**TASK TO CARRY OUT**
Nothing but an exact copy is asked for: the lines in the material below from the one with "Canadian volunteer making fun" through the one with "Trinity Medical Center (Vidalia, LA)", pictures excluded.

── EXERCISE INPUTS ──

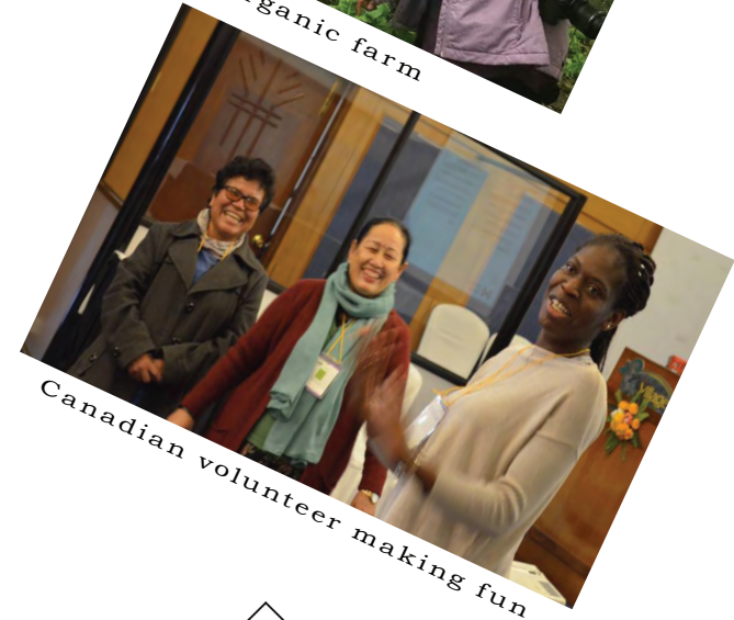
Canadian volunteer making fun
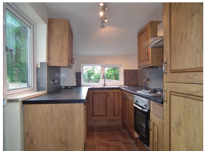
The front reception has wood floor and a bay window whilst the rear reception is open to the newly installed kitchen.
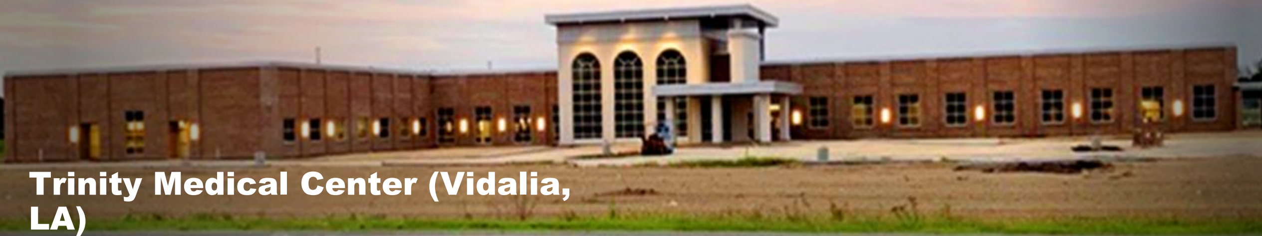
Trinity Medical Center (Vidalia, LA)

───
── EXERCISE INPUTS ──

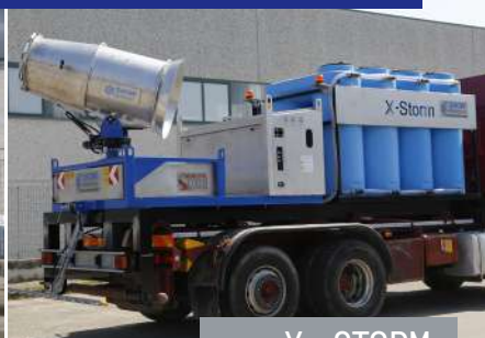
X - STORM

───
── EXERCISE INPUTS ──

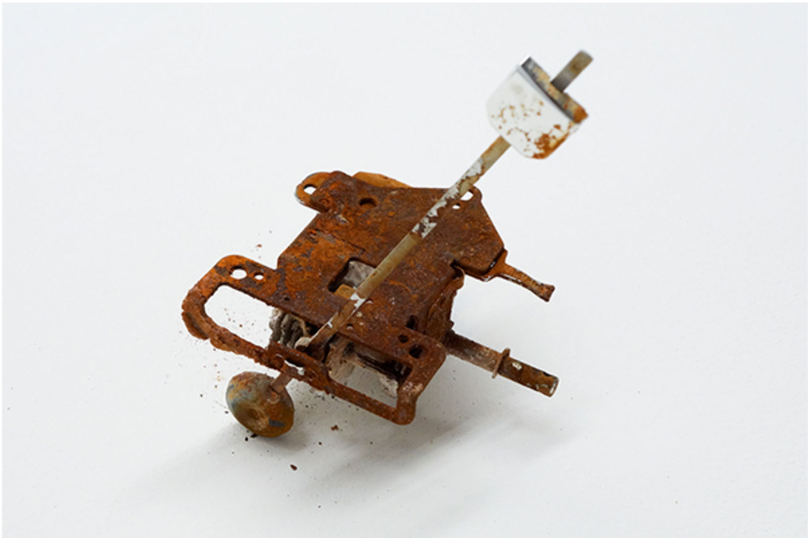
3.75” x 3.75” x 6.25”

───

**TASK RESPONSE**
Canadian volunteer making fun
The front reception has wood floor and a bay window whilst the rear reception is open to the newly installed kitchen.
Trinity Medical Center (Vidalia, LA)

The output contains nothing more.